In the preface of her fifteen-thousand-couplet poetry collection, the Īnjūʾīd princess, Jahān-Malik Khātūn (d. about 1393) excused herself for writing poetry. This blog juxtaposes her act of writing with the mediaeval Iranian-Muslim gender norms, and introduces her as a pioneer of women’s transgression in Persian classical literature.
This brief blog concerns an Īnjūʾīd princess, Jahān-Malik Khātūn (d. about 1393), as a mediaeval forebearer of Persian women who have transgressed Iranian-Muslim gender norms. The quote below, from the preface Jahān-Malik Khātūn wrote to her poetry collection, is the most appropriate way to explain the gender norms which she transgressed:
… but since Persian women are extremely rare in this craft, I , too, imagined pursuing poetry as a defect, and avoided it at all costs. But through following succession, it became clear that elite Persian and Arab women have been famous poets. (Dīvān 2020, 3)

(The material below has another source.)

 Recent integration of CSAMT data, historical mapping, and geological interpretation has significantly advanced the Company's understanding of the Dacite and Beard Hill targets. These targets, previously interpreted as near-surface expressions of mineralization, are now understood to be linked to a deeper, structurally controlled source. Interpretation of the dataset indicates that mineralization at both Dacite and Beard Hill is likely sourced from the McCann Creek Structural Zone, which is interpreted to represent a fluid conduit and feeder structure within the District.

In these lines, a few key elements stand out: Writing poetry for women was considered a ‘defect’, and few Persian women had ventured into this arena. We further read that she avoided the craft of poetry ‘at all cost’, and we know that she was a royal woman. This probably indicates that the ‘defect’ she is referring to implies disgrace to her social status. The last sentence that she uses to excuse herself for writing corroborates the implication of losing dignity, since she refers to ‘elite’ women who were famous poets. What does Jahān-Malik Khātūn mean by writing this, and excusing herself for writing? Why does she need to start her Dīvān with these words? Farzaneh Milani’s argument about the problem of women and authorship in the Persian literary tradition can explain the issues here.

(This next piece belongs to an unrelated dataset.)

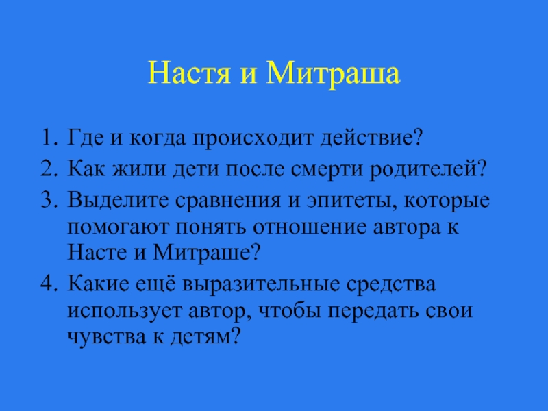 Выделите сравнения и эпитеты, которые помогают понять отношение автора к Насте и Митраше?

Ideal women in the traditional Persian culture were those who complied with ‘silence and immobility’. As Milani asserts, the root of such a construct was the association of women’s bodies and gender with shame. This gender norm was expanded to include women’s voices. For women, having a voice was as shameful as revealing their bodies. (Milani 1992, 48, 53, 118). With her poetry, however, this mediaeval Persian princess, tells us she is challenging these limiting norms, although she will face discrimination. We see one such example in the following short poem:
Men ask for an explanation about her/his conditions
If someone is imprisoned in the chain of fate
This is me that if someone accidentally says my name
S/he will ask for forgiveness out of fear a thousand times
Jahān-Malik Khātūn probably wrote this poem in the aftermath of one of the major incidents in her life, the assassination of her father in 1343. Her uncle avenged this assassination and became the ruler of Shiraz. In the power struggles that followed, her uncle was overthrown, and all male members of her family were killed in 1353. She was imprisoned for a while and after being released, she was exiled (Davis 2020, 49). Jahān-Malik Khātūn’s poems are not dated, but the content of this short poem probably refers to her imprisonment. If we consider the hegemony of the Iranian-Muslim gender norms in the context, we may see her gender as the reason for composing these lines, to express the otherness that she experienced in addition to being excluded as a prisoner.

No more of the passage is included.